-- Brief --
Starting at the line that contains "很多員工也是第1次刨土豆,不", print each line exactly through the end of the listing. Skip any pictures and add nothing.

-- Provided material --
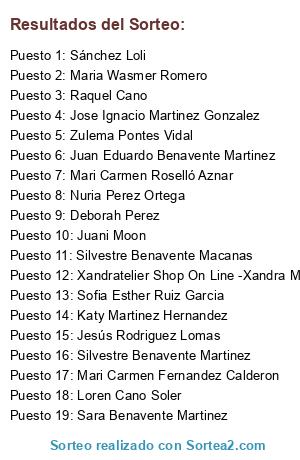 Lista de participantes: Nuria Perez Ortega(2 participaciones), Mari Carmen Roselló Aznar(4 participaciones), Sofia Esther Ruiz Garcia(2 participaciones), Sánchez Loli(9 participaciones), Jesús Rodriguez Lomas, Deborah Perez(2 participaciones), Loren Cano Soler(2 participaciones), Raquel Cano(3 participaciones), Katy Martinez Hernandez(2 participaciones), Juan Eduardo Benavente Martinez(2 participaciones), Sara Benavente Martinez(2 participaciones), Silvestre Benavente Martinez(2 participaciones), Xandratelier Shop On Line -Xandra Miguelez(3 participaciones), Jose Ignacio Martinez Gonzalez(4 participaciones), Maria Wasmer Romero(4 participaciones), Mari Carmen Fernandez Calderon, Silvestre Benavente Macanas(2 participaciones), Zulema Pontes Vidal(4 participaciones), Juani Moon(4 participaciones).
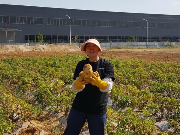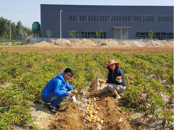 很多員工也是第1次刨土豆,不太了解這種被稱為“植物黃金”的收獲秘訣。土豆通過根莖生長,圍著根部生長很靠近地面,喜歡松軟沙質的土壤。經過簡單的指導,大家很快找到了正確的要領,只要輕輕拔掉葉苗,根尾的幾個小個子就先帶出來,再稍稍扒開一點土壤,躲藏在下面的胖大家伙就都乖乖的露出了大白肚皮。在豐收的田野上,大家發揚風格,挽起袖子、褲腿,彎下腰,掄起胳膊,開始挖起來,現場個個干勁十足、熱火朝天。刨出土豆的那一刻總是有些興奮,就象挖到寶藏,比賽著誰挖到的個頭更大。一些被嚙齒類動物咬過的土豆是不可以和健康土豆放在一起的,因為它們會導致更多土豆的腐爛。滿滿的種植知識分享,只有在親身勞作時才可以學到。隨后大家兵分幾路,負責搬運的把土豆集中在一起,負責裝箱的將土豆按照大小進行分揀裝箱,很快一箱箱新鮮的土豆被裝車運往廚房。
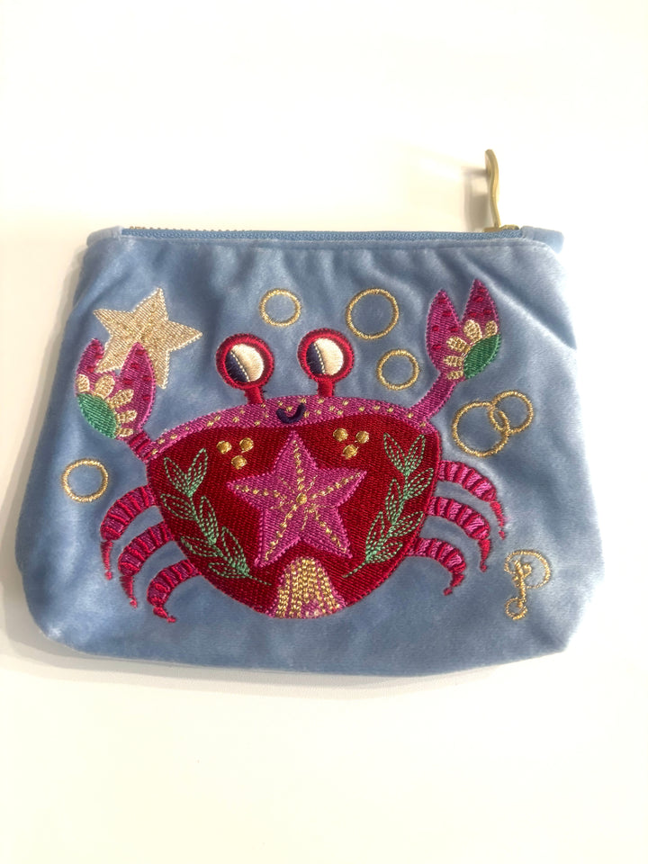 Velvet Mini Pouch - Seafaring Crab - Cornflower
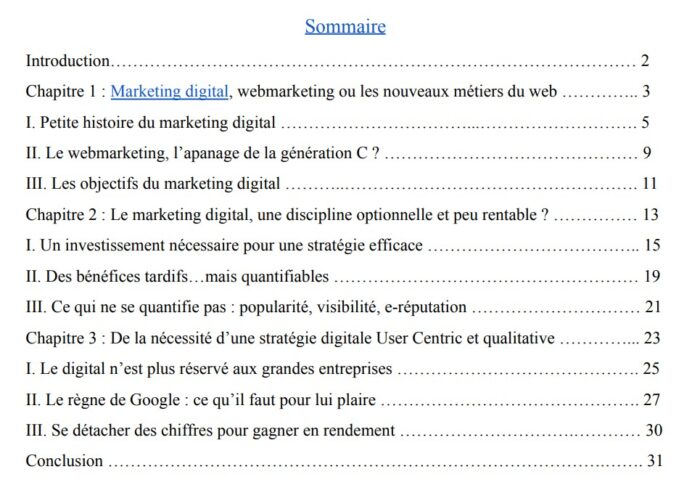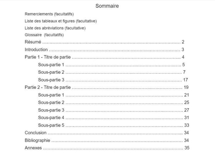 Le sommaire présente une vision synthétique du plan, il est donc plus court qu’une table des matières. Il se situe juste avant l’introduction et c’est à cette page qu’apparaît la pagination.
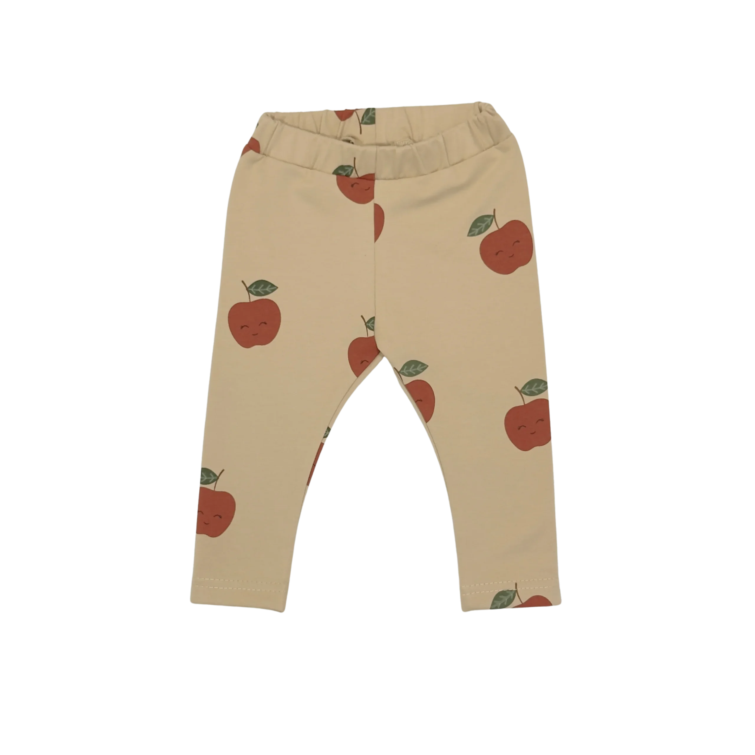Deze babylegging heeft een leuke appel print met kleine gezichtjes op de appels. De achtergrond kleur van de legging is beige. De kleuren van de appels zijn roest/rood en groen.

-- Answer below --
 很多員工也是第1次刨土豆,不太了解這種被稱為“植物黃金”的收獲秘訣。土豆通過根莖生長,圍著根部生長很靠近地面,喜歡松軟沙質的土壤。經過簡單的指導,大家很快找到了正確的要領,只要輕輕拔掉葉苗,根尾的幾個小個子就先帶出來,再稍稍扒開一點土壤,躲藏在下面的胖大家伙就都乖乖的露出了大白肚皮。在豐收的田野上,大家發揚風格,挽起袖子、褲腿,彎下腰,掄起胳膊,開始挖起來,現場個個干勁十足、熱火朝天。刨出土豆的那一刻總是有些興奮,就象挖到寶藏,比賽著誰挖到的個頭更大。一些被嚙齒類動物咬過的土豆是不可以和健康土豆放在一起的,因為它們會導致更多土豆的腐爛。滿滿的種植知識分享,只有在親身勞作時才可以學到。隨后大家兵分幾路,負責搬運的把土豆集中在一起,負責裝箱的將土豆按照大小進行分揀裝箱,很快一箱箱新鮮的土豆被裝車運往廚房。
 Velvet Mini Pouch - Seafaring Crab - Cornflower
 Le sommaire présente une vision synthétique du plan, il est donc plus court qu’une table des matières. Il se situe juste avant l’introduction et c’est à cette page qu’apparaît la pagination.
Deze babylegging heeft een leuke appel print met kleine gezichtjes op de appels. De achtergrond kleur van de legging is beige. De kleuren van de appels zijn roest/rood en groen.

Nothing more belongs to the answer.